Copy word for word the lines in the records below, starting at the line with "若松・脇之浦漁港から水揚げさ" and ending at the line with "04:19:54Es werden Transfergerüchte". Skip the pictures.

● ENTRIES SHOWN
..........

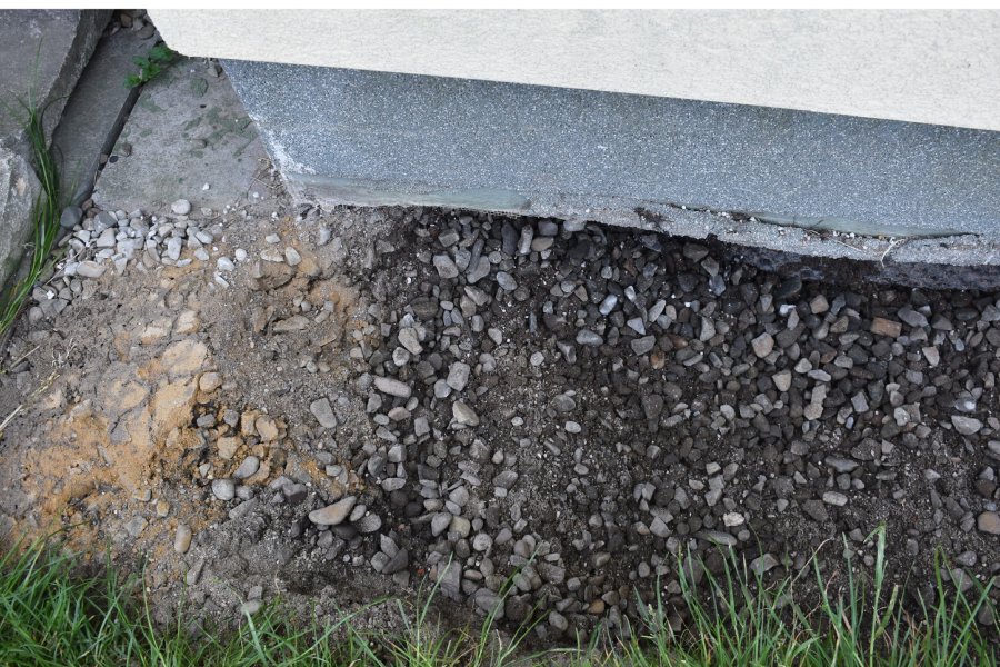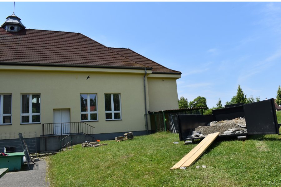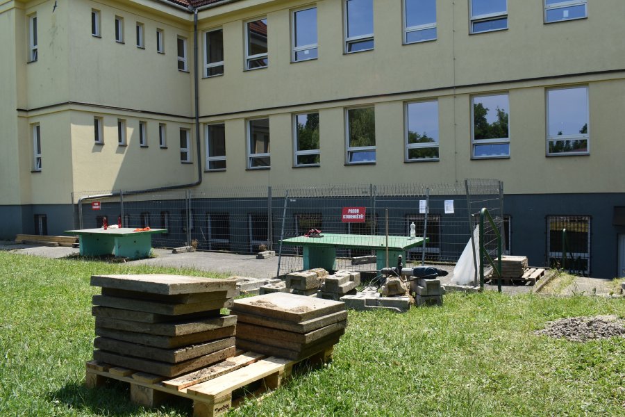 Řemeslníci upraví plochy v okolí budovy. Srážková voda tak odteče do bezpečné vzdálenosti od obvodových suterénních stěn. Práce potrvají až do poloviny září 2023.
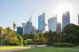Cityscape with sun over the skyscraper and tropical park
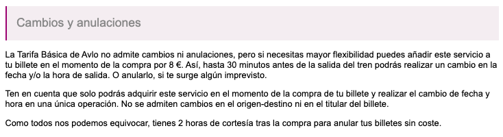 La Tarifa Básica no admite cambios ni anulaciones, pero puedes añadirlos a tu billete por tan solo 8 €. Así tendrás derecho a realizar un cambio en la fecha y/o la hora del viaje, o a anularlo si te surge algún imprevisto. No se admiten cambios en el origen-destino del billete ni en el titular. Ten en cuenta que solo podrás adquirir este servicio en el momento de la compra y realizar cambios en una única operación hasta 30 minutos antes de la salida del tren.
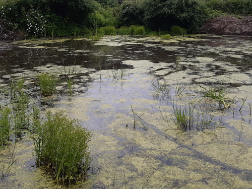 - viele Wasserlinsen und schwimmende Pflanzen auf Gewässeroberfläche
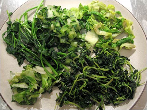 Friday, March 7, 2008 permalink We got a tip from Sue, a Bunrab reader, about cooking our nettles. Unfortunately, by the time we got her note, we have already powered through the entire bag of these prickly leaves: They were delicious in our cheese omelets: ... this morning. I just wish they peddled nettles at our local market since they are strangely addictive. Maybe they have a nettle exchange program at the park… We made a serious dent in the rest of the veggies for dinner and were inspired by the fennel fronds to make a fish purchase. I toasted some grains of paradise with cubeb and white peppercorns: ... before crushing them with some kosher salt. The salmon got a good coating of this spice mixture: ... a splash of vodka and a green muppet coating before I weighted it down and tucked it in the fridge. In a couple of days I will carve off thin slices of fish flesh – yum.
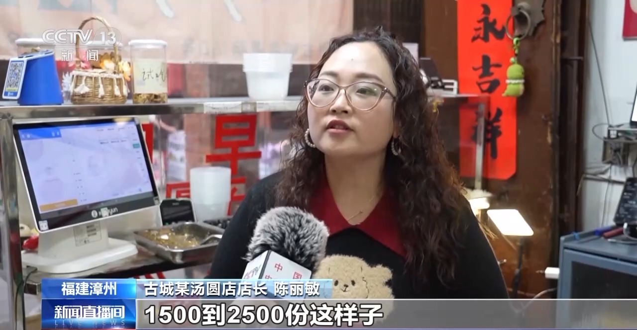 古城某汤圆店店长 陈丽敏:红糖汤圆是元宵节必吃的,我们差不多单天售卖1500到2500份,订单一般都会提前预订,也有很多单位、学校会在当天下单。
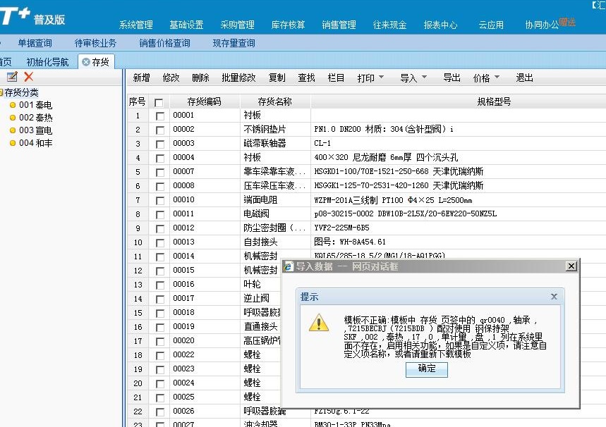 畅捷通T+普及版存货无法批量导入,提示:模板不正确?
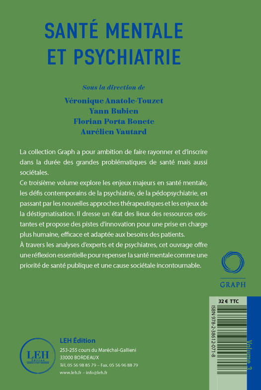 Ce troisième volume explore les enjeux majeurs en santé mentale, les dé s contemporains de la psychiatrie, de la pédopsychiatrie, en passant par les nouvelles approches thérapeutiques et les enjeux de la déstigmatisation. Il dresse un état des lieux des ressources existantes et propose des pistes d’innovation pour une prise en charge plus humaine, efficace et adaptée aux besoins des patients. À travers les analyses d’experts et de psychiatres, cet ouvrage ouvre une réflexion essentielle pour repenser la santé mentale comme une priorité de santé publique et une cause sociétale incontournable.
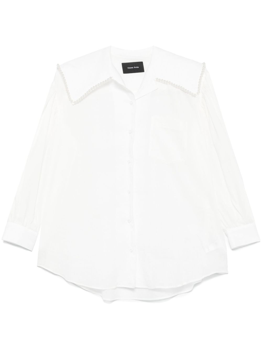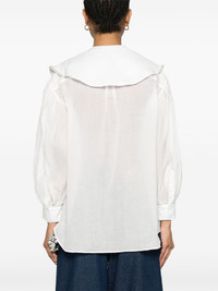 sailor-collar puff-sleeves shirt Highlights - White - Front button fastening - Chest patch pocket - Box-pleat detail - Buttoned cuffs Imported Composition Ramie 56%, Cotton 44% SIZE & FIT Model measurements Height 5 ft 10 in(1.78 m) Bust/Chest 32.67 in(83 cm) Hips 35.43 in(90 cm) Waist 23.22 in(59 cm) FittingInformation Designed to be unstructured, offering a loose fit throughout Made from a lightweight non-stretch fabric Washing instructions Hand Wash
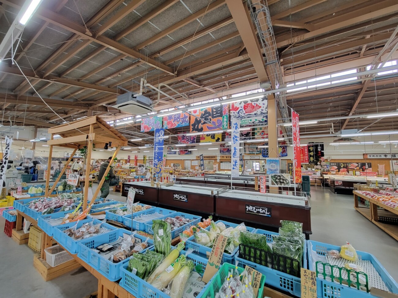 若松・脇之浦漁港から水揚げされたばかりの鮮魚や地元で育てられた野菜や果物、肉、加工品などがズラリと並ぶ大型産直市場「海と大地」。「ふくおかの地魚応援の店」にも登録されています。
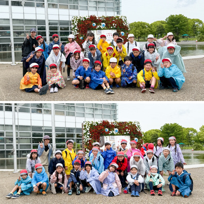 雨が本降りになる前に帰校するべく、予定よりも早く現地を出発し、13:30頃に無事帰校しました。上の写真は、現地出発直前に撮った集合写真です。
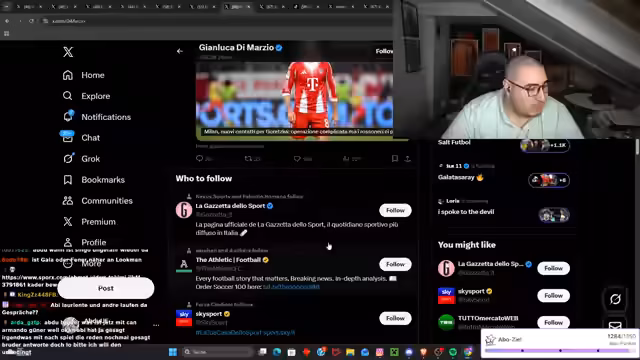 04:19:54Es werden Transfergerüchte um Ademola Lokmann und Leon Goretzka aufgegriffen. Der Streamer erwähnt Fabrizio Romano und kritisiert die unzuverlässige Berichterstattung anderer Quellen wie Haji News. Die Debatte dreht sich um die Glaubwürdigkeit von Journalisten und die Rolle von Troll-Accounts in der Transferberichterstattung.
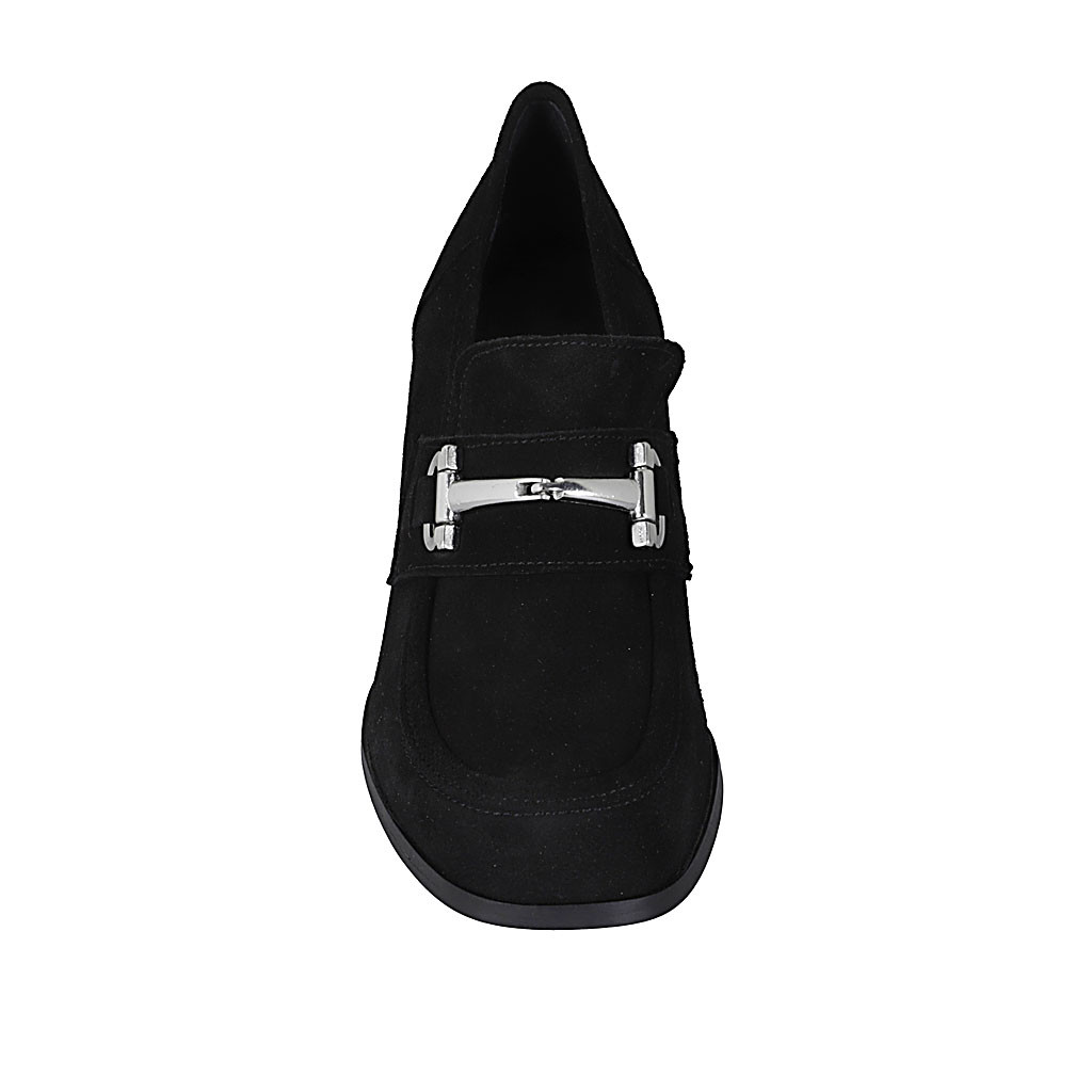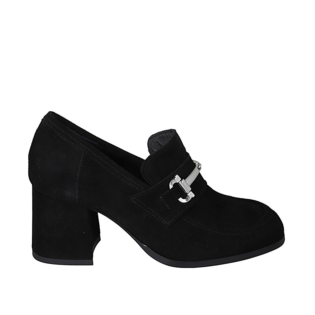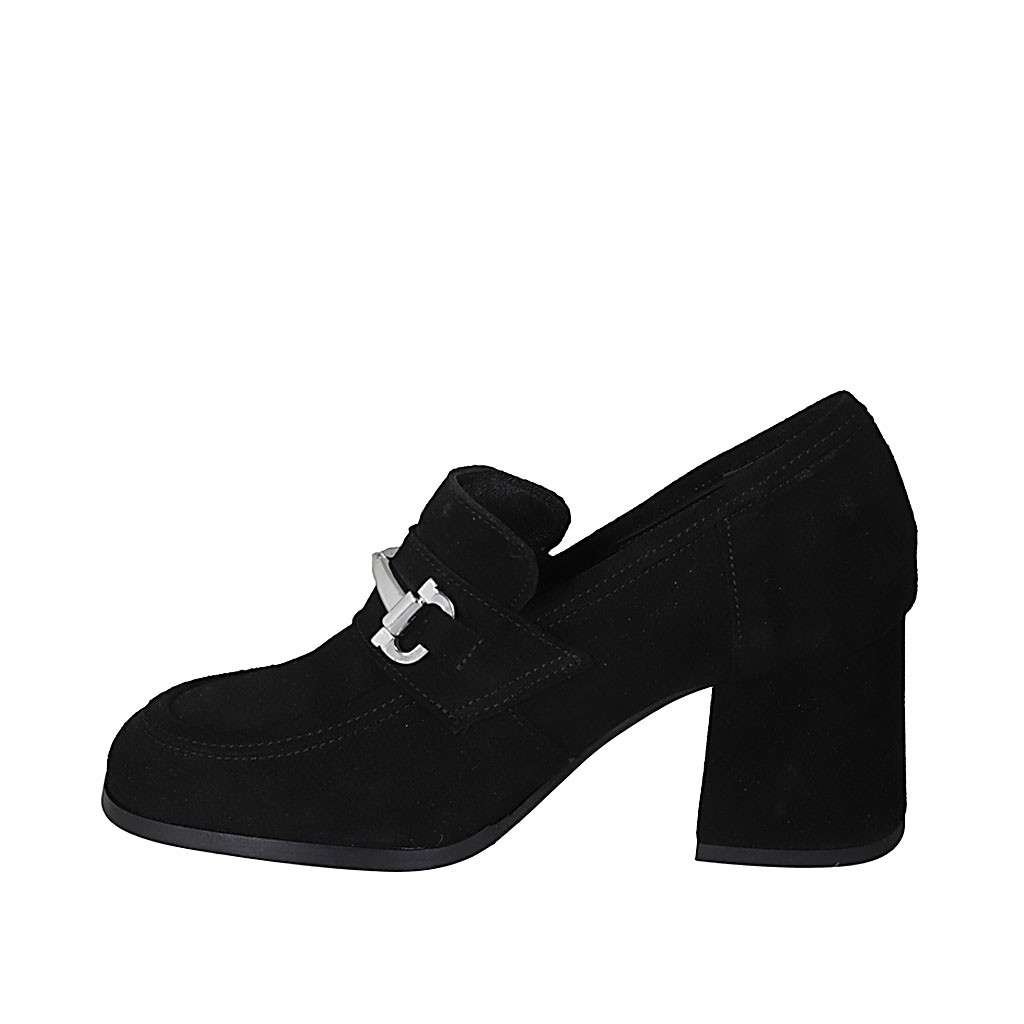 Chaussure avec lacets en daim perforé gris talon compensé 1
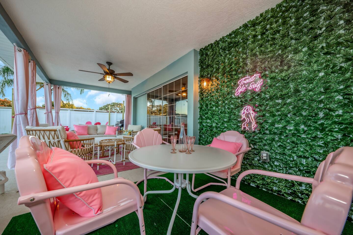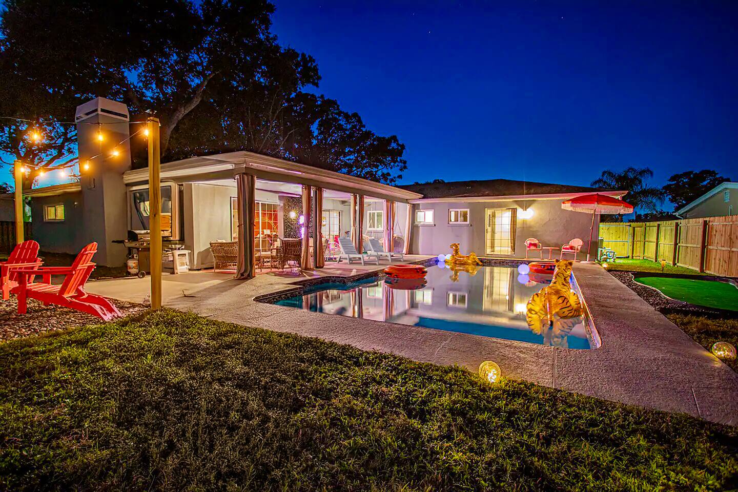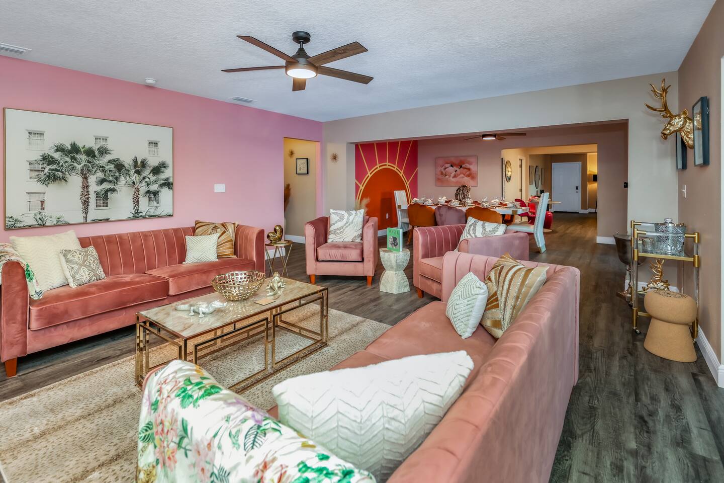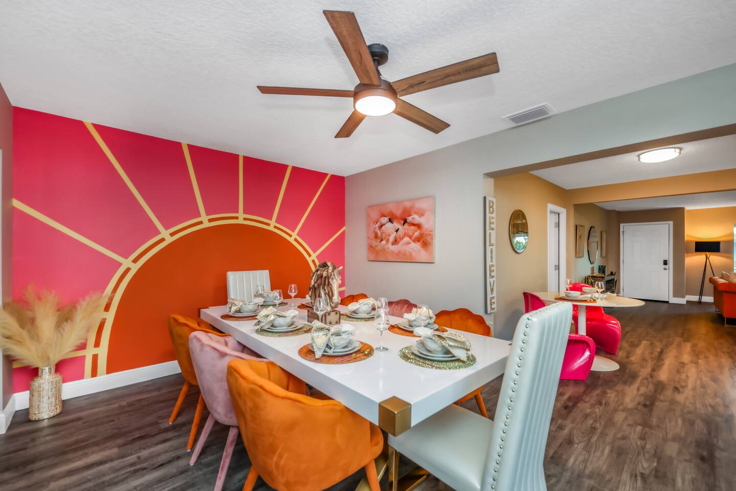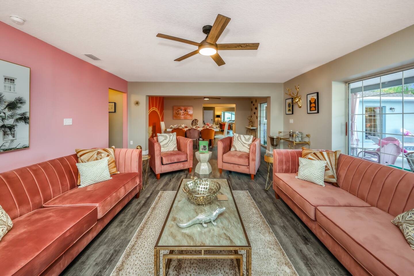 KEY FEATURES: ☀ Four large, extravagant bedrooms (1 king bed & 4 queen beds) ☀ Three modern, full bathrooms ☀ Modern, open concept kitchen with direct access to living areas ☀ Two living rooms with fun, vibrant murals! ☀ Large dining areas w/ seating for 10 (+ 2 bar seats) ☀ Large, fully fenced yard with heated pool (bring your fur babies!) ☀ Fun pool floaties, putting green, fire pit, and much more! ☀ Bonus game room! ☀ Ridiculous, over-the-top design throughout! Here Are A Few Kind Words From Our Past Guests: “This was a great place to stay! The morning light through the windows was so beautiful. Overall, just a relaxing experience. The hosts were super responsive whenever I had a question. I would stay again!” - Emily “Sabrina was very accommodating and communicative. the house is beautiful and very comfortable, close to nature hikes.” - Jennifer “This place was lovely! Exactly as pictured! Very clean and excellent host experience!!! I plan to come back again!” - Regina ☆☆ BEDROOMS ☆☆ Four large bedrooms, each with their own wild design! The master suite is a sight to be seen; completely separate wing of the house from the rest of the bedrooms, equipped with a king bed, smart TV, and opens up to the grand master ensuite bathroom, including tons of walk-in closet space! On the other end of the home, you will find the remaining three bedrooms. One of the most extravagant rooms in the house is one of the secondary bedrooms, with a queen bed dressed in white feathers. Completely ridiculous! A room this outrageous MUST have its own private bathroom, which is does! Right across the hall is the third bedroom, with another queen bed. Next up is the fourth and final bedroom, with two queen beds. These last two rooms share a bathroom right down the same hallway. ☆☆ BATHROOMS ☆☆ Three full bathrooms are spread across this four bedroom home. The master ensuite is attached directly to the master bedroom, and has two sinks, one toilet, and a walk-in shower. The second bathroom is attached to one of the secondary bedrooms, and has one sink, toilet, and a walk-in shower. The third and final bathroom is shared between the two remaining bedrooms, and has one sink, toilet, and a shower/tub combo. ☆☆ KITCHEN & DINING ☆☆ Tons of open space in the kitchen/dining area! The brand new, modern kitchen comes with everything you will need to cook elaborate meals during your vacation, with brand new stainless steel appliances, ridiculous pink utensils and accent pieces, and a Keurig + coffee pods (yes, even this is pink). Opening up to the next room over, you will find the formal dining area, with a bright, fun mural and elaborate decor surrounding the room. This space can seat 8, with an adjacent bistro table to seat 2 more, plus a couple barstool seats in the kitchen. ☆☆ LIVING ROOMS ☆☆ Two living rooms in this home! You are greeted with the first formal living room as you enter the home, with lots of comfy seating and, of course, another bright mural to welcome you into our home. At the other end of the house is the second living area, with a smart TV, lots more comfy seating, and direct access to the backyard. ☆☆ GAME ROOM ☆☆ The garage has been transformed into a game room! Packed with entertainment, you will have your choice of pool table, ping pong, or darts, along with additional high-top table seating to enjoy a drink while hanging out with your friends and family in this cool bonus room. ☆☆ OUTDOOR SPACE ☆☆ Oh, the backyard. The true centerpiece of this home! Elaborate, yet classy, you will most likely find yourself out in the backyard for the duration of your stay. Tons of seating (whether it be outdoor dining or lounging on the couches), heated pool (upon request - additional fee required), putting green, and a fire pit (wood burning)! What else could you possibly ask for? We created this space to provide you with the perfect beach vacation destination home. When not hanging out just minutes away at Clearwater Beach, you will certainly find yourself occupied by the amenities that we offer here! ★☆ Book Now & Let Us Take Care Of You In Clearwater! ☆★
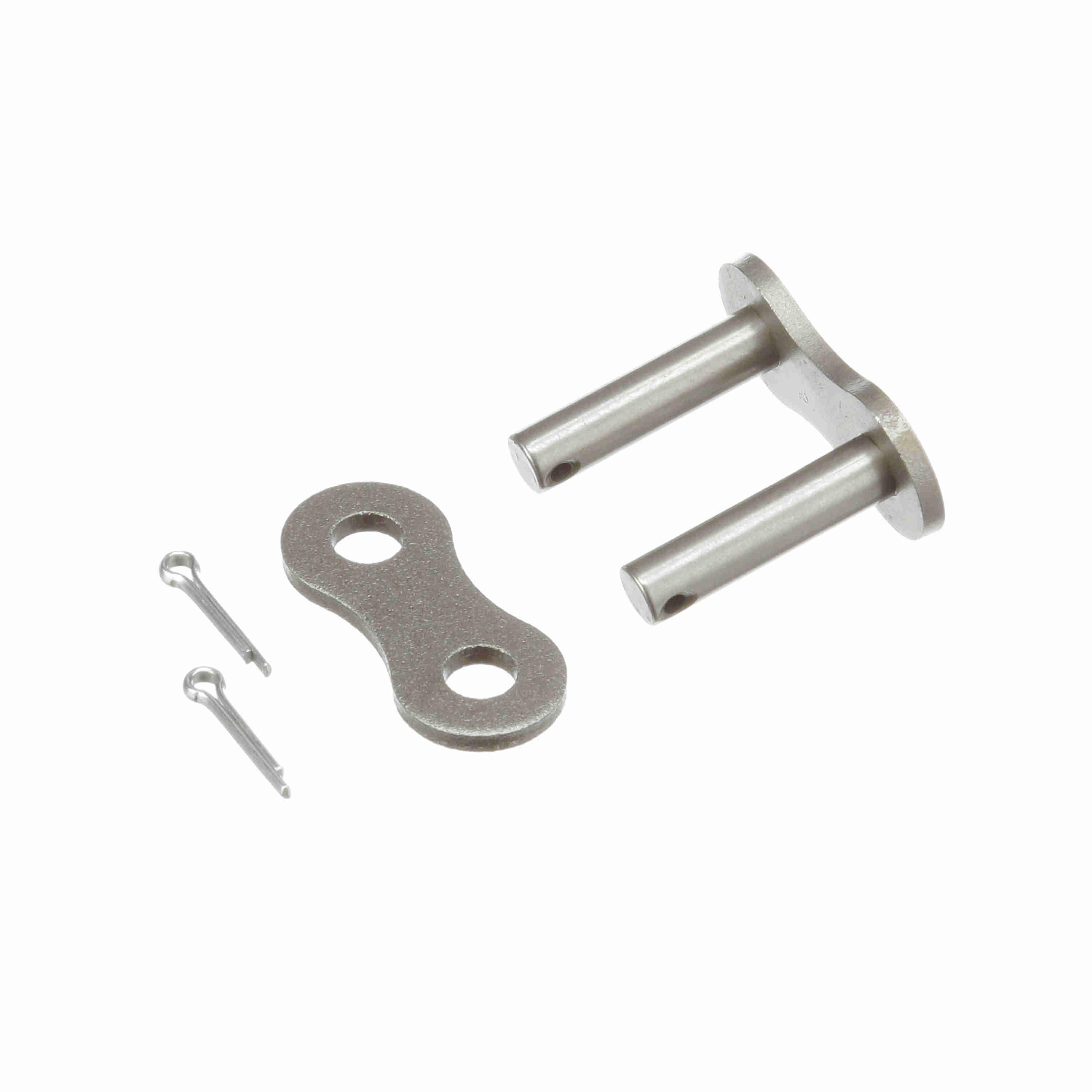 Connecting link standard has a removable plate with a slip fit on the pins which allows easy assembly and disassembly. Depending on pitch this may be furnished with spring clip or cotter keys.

..........

● ANSWER FOR THE TASK
 若松・脇之浦漁港から水揚げされたばかりの鮮魚や地元で育てられた野菜や果物、肉、加工品などがズラリと並ぶ大型産直市場「海と大地」。「ふくおかの地魚応援の店」にも登録されています。
 雨が本降りになる前に帰校するべく、予定よりも早く現地を出発し、13:30頃に無事帰校しました。上の写真は、現地出発直前に撮った集合写真です。
 04:19:54Es werden Transfergerüchte um Ademola Lokmann und Leon Goretzka aufgegriffen. Der Streamer erwähnt Fabrizio Romano und kritisiert die unzuverlässige Berichterstattung anderer Quellen wie Haji News. Die Debatte dreht sich um die Glaubwürdigkeit von Journalisten und die Rolle von Troll-Accounts in der Transferberichterstattung.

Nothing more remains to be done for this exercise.